Figure 4: Spiclomazine arrests cancer cell cycle progression at G2 phase. (A) The effect of Spiclomazine on cell cycle progression was analyzed in three cancerous cell lines and two human normal cell lines treated with increasing concentrations of Spiclomazine for 24 hours. (B) The effect of Spiclomazine on the expression levels of G2 phase-related proteins Cyclin B1 and CDK1 in pancreatic cancer cell lines were analyzed using WB assay. β-Actin was used as the internal control.

To further investigate the molecular mechanism of Spiclomazine-induced cell cycle arrest, we evaluated the effect of Spiclomazine on the expression levels of Cyclin B1 and CDK1 involved in G2 phase in these pancreatic cancer cell lines for 24 hours using WB assay. As displayed in the Figure 4B, the expressions of Cyclin B1 and CDK1 displayed dramatically decreased levels in these cancer cell lines treated with Spiclomazine. Therefore, we can conclude that Spiclomazine leads to the survival inhibition that elicits a prominent, prolonged accumulation of cells at G2 phase in these pancreatic cancer cell lines.

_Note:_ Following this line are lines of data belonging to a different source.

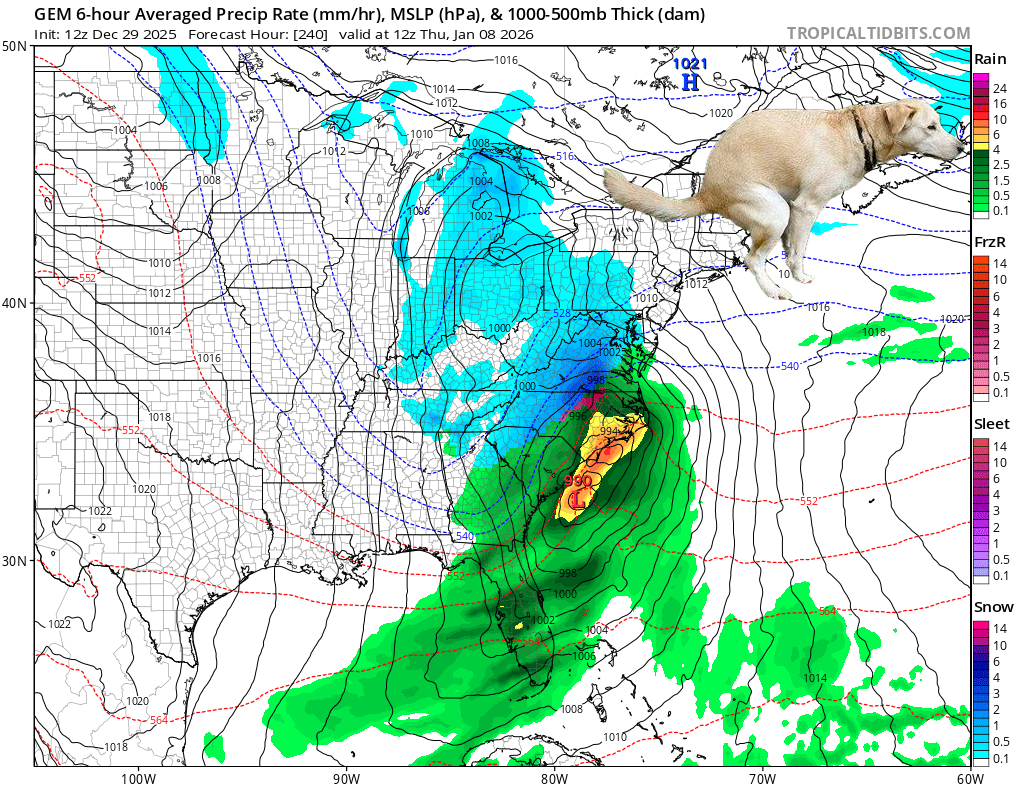 RE: 12z Canadian Move the antedecent high pressure just 200-400 miles west and that storm at HR 240 is a KU event.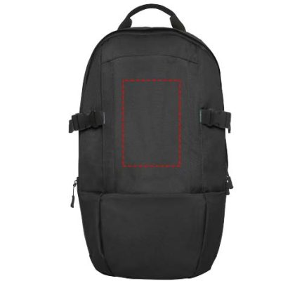 Sustainable GRS certified RPET laptop backpack made with 50% recycled materials. Features a large zippered main compartment with a padded 15″ laptop sleeve with velcro closure, a hanging hook, and a front vertical zippered compartment. Comes with additional straps with buckle closure for safety, comfortable padded shoulder straps, grab handle, mesh back with a zippered pocket and expandable mesh side pocket.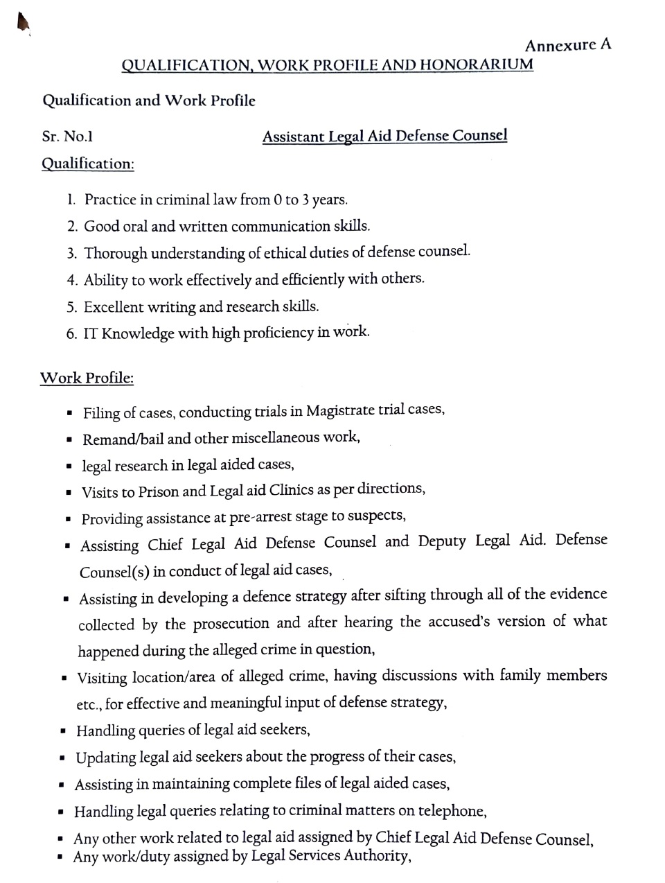 QUALIFICATION, WORK PROFILE AND HONORARIUM | ||||||||||||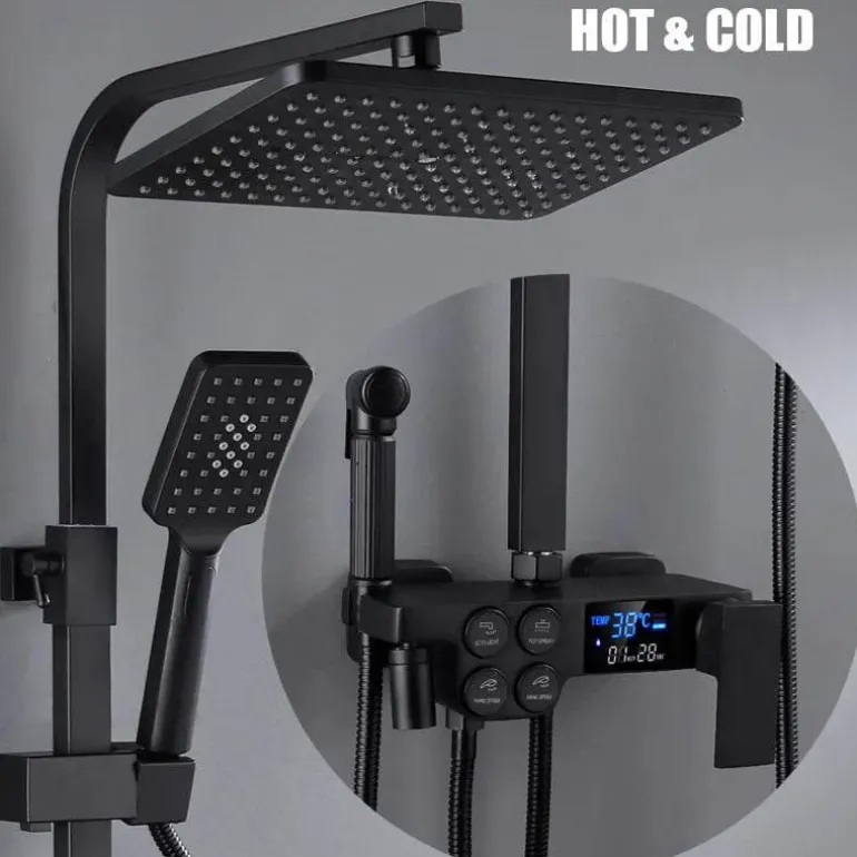 Transform your daily shower into a revitalizing retreat with the Hydro Lux LED Digital Rainfall Shower Set. This innovative shower system seamlessly blends advanced technology with a touch of luxury, creating a serene bathroom environment.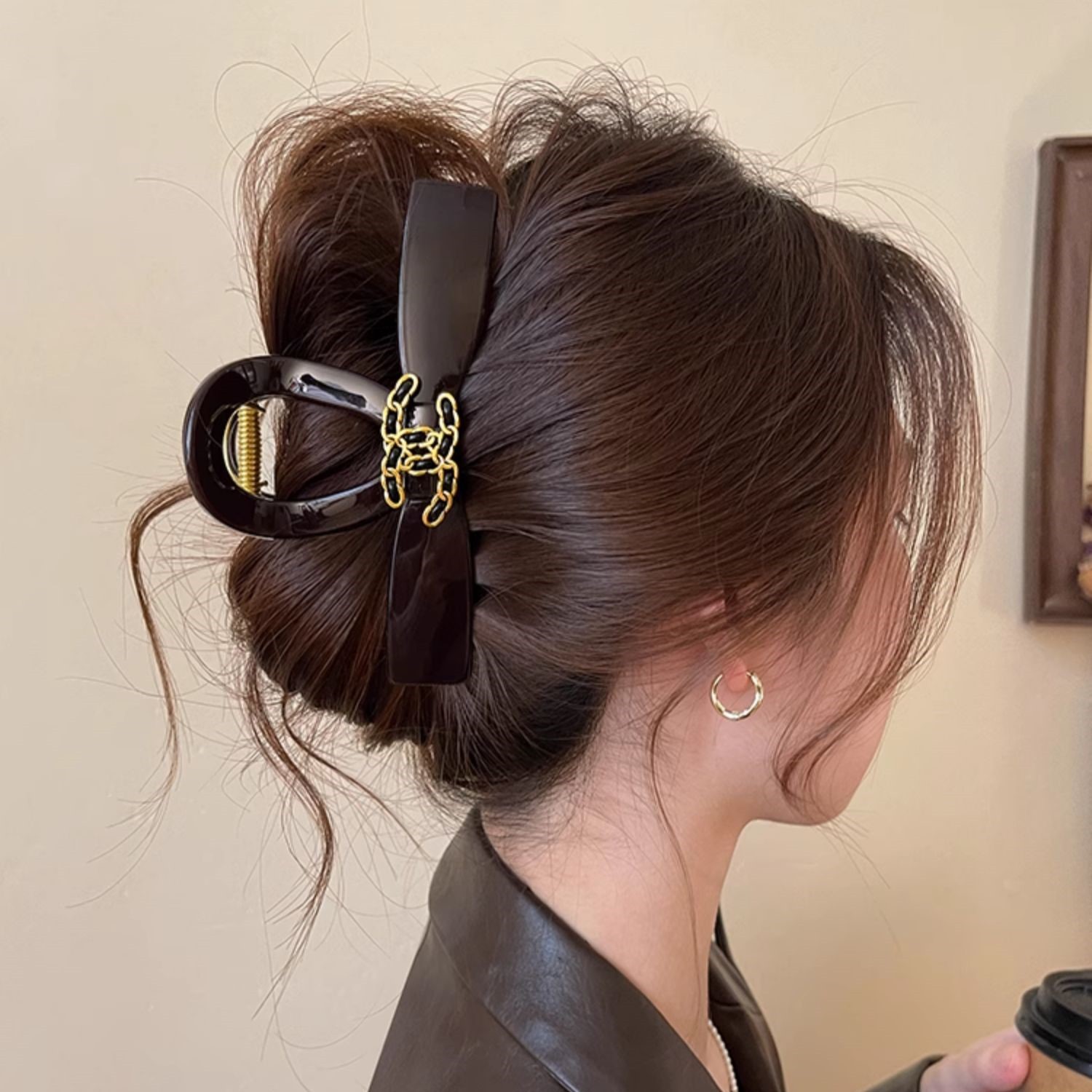 秋冬高端小香风抓夹女2024新款高级感后脑勺发夹鲨鱼夹发量多发饰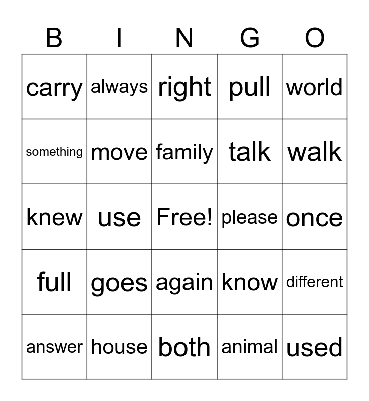 This bingo card has a free space and 24 words: goes, house, family, answer, world, carry, something, always, please, again, talk, knew, know, different, move, animal, once, right, walk, use, used, full, pull and both.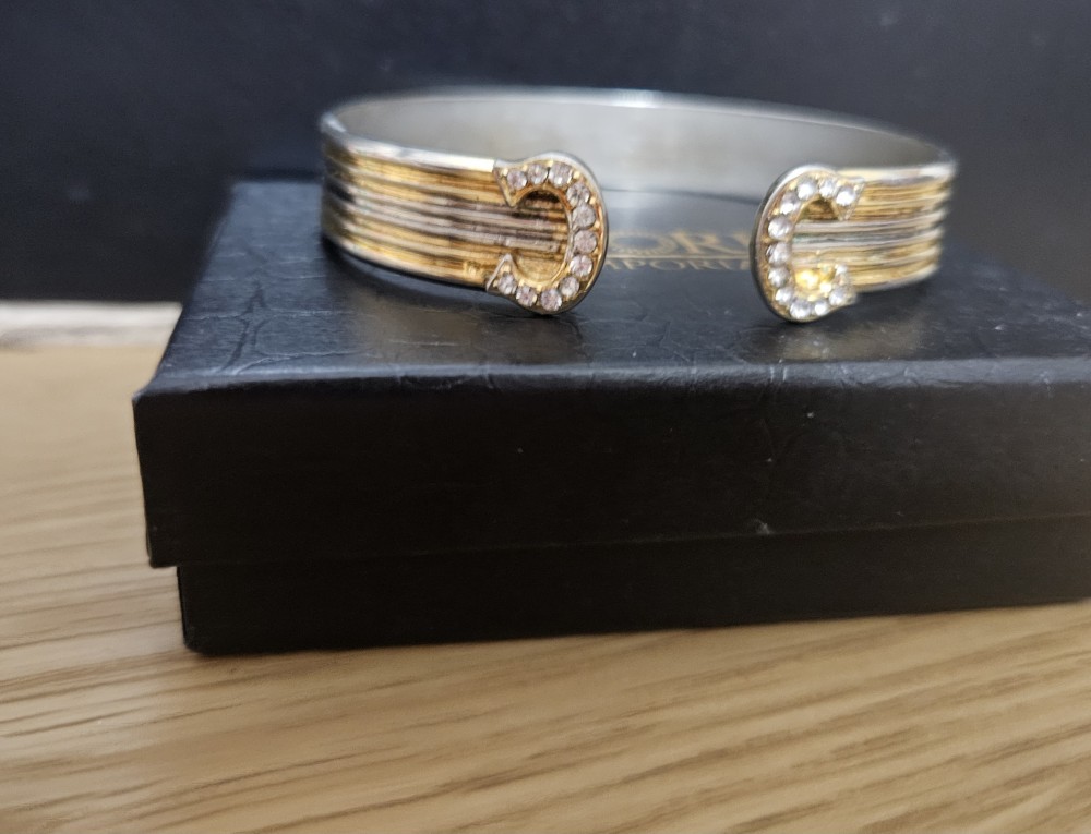 Bratara vintage tip Coco Chanel,detalii aurite și argint.
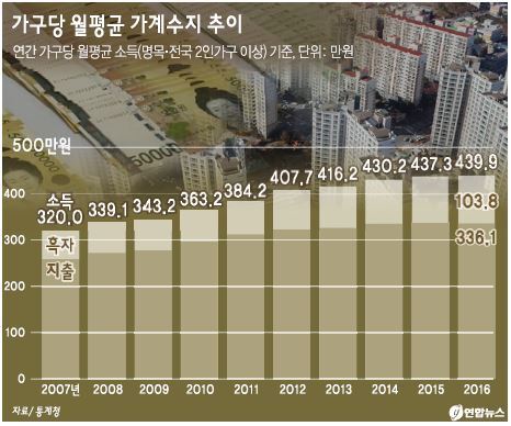 지난해 가구당 월평균 가계지출은 336만1000원으로 가구당 월평균 흑자액은 103만8000원이었다.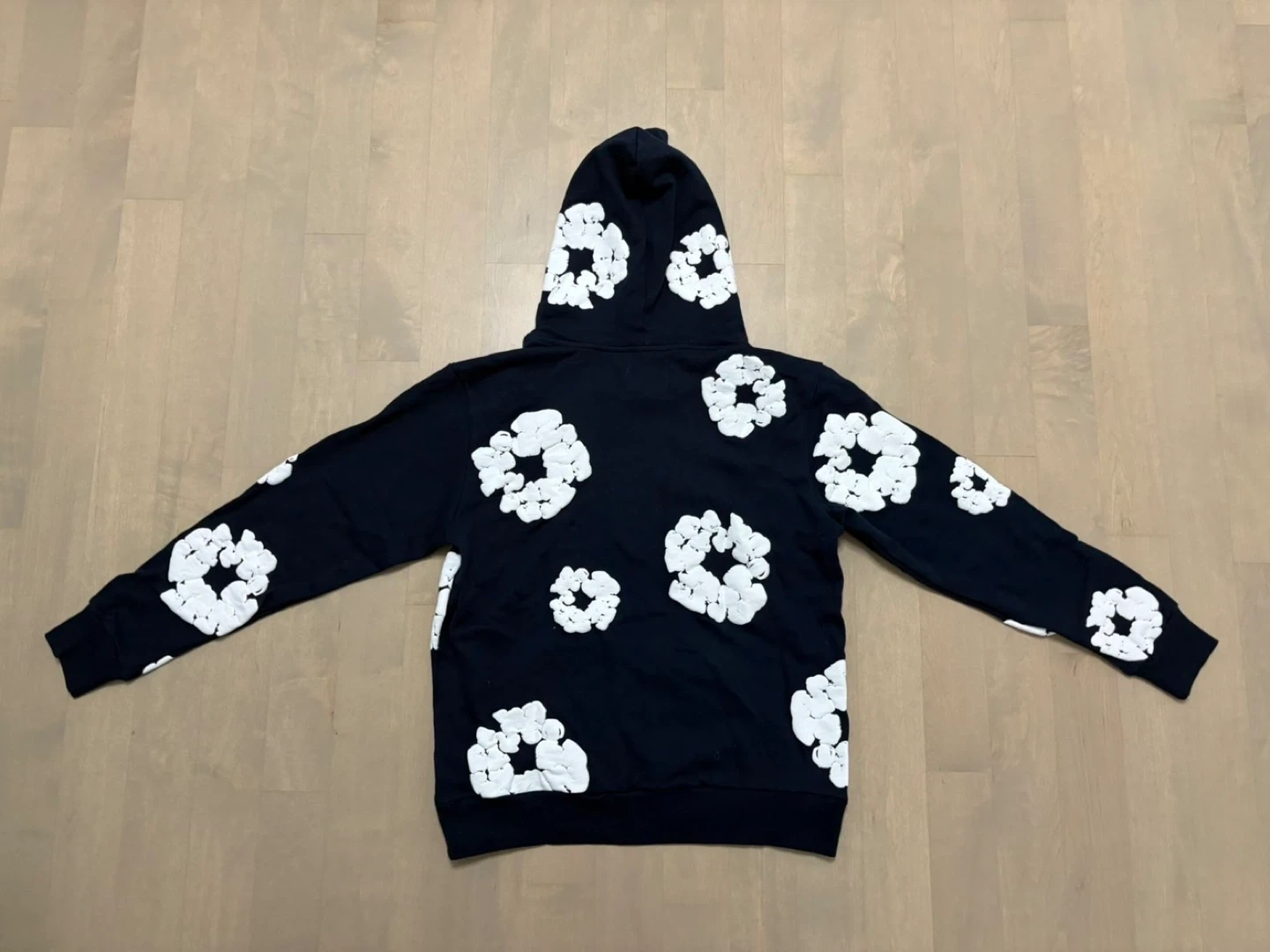 Buy & SellDenim Tears Hoodie Black with White FlowersDenim Tears Hoodie Black with White Flowers$80Selling a gently used Denim Tears hoodie in black with white flower designs. It's in great condition and ready for a new owner!ConditionNewSizesmallBrandDenim Tears0 chats·0 favorites·0 viewsSELLERJuanCentral Erin Mills402 reviewsWHERE TO MEETCheck Location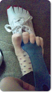 「わ!びっくりした!!裸足にマニキュアしてるのかと思った!」 「自分じゃ恥ずかしくて履けない…。」 「なんか、作業が早そうですね。」 履き方も変わっているんですよ。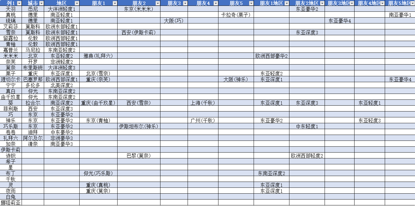 更新一下,还有没有知道其他角色封面照及朋友所在城市的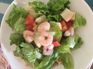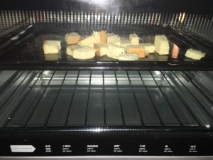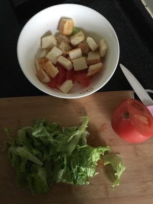 各种蔬菜切块,有牛油果也可以放,随意搭配白煮蛋弄熟剥壳切块。面包切块放烤箱180度烤3分钟

Spiclomazine reduces the growth of xenograft in mice

Based on the remarkable in vitro potency in cellular model, we speculate that the genotype-specificity might afford a therapeutic window for the targeted inhibition of KRas in xenograft model. Aiming to determine if Spiclomazine is suitable for in vivo study, we first examined the induced toxic effect of the compound. For the study, we chose the renal capsule site for xenografting, as shown in Figure 5A, due to its higher graft take rate, abundant blood supply, and ability to implant a greater number of xenografts into one confined site [21]. BALB/c mice were evaluated for the potential toxicity and chemotherapeutic efficacy of Spiclomazine administered 68 mg kg-1 every other day for 2 weeks via intra-peritoneal route in the respective groups. As shown in Figure 5B, all of the Spiclomazine-treated mice did not show any body weight loss or other obvious signs of toxicity and were alive and healthy throughout this study during the treatment. By contrast, the Gemcitabine-treated mice showed a marked body weight loss and even death. Moreover, Spiclomazine-based treatment more effectively reduced tumor growth than Gemcitabine-based treatment (Figure 5C, left panel). Notably, in three of the five mice, the growth of tumors after Spiclomazine treatment was completely blocked (Figure 5C, right panel).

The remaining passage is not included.